Previously, managers of private foundations may have held back pursuing certain investment opportunities that aligned with its organizational convictions because of the legal duty to exercise ordinary business care and prudence in carrying out investment strategies. Under this legal theory, managers must be cognizant of expected returns from various investment opportunities, generally choosing options with the best return, and to avoid high risk ventures. The concern Congress and the IRS have had in the tax-exempt realm is that certain investments could jeopardize the ability of a foundation to carry out its stated tax exempt purposes. Thus, IRC Code section 4944 imposes both an excise tax on a foundation that invests in any deemed “jeopardizing” investments, as well as on the foundation manager who participates in such decisions.
Recently, in Notice 2015-62, the IRS carved out space for private foundations to engage in some socially-responsible investments without fear of incurring an excise tax. The IRS noted that section 4944(c) provides an exception to the “jeopardizing investment” prohibition for program-related investments (PRI) that are made by a foundation specifically to carry out its charitable purposes.
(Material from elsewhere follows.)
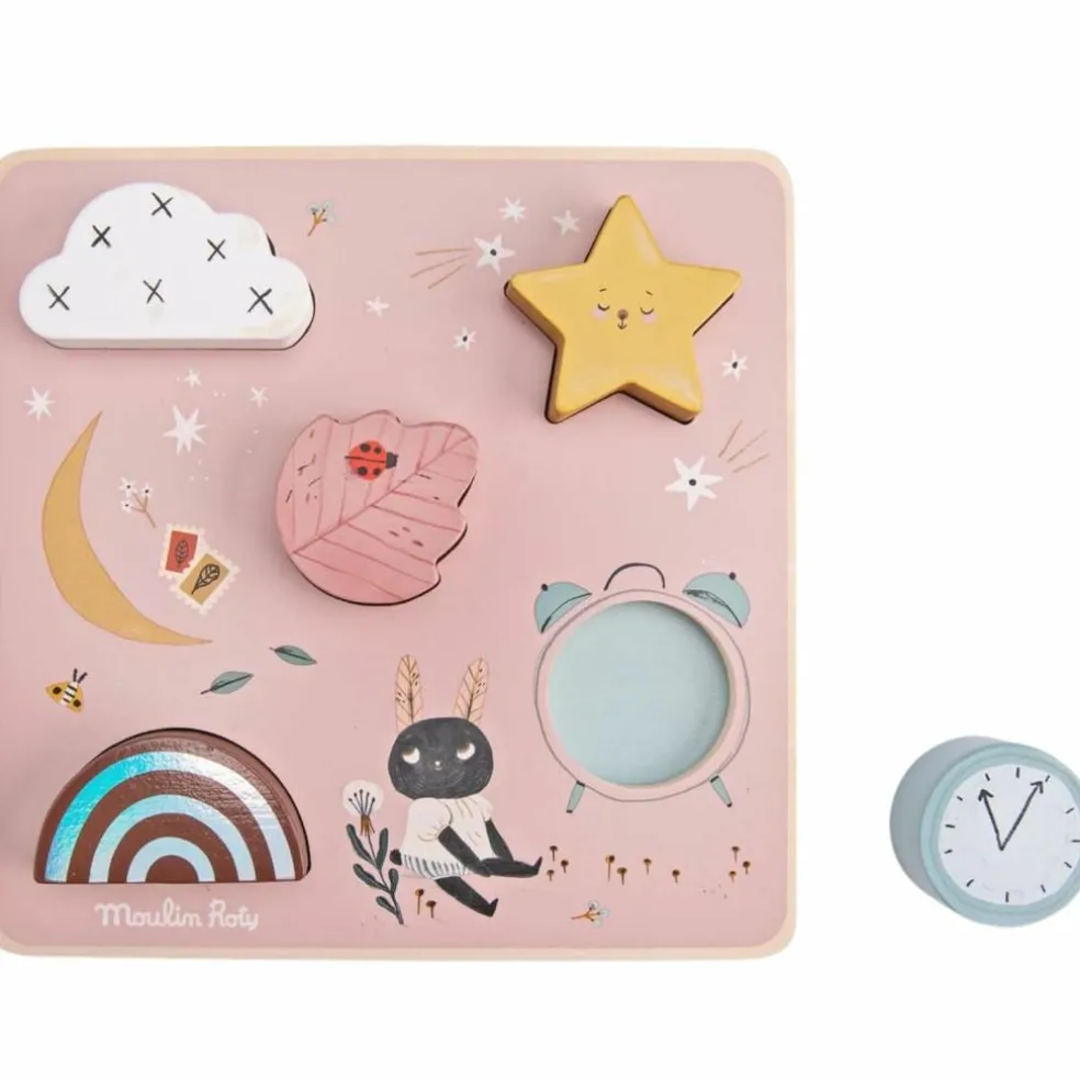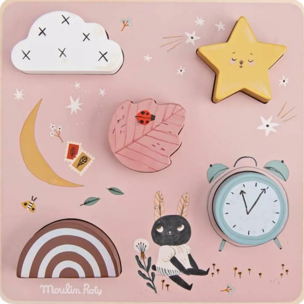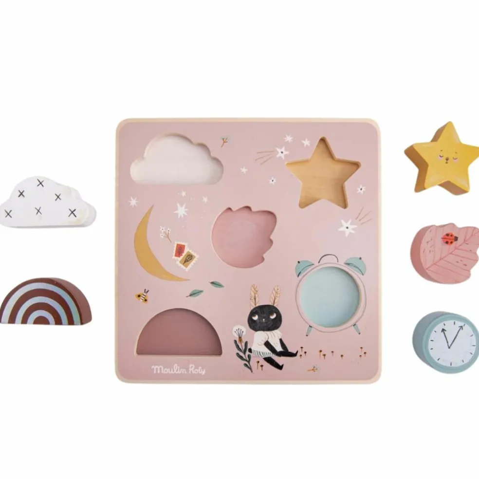 – Ce puzzle sensoriel, composé de 5 pièces encastrables de la collection Après la Pluie, est parfait pour découvrir les formes, les couleurs et les textures.

Therefore, the IRS was comfortable in extending similar protection to mission-related investments, which are not PRI because they still have a significant purpose of producing income or property appreciation. But the IRS stated that in exercising ordinary business care and prudence in deciding which investments to make, managers can, within bounds, take into account how an investment furthers the foundation’s charitable purposes using an “all relevant facts and circumstances” approach.
This guidance lifts the burden somewhat from managers, because managers are no longer required to choose only investments that offer the highest rate of return, greatest liquidity, and lowest risks. Of course, a manager still cannot embark on an investment strategy that expressly jeopardizes the foundation’s long-term and short-term financial needs. But the IRS’s move aligns the federal tax rules with the investment standard present in many states – the Uniform Prudential Management of Institutional Funds Acts — that allow consideration of an organization’s charitable purposes in managing its assets.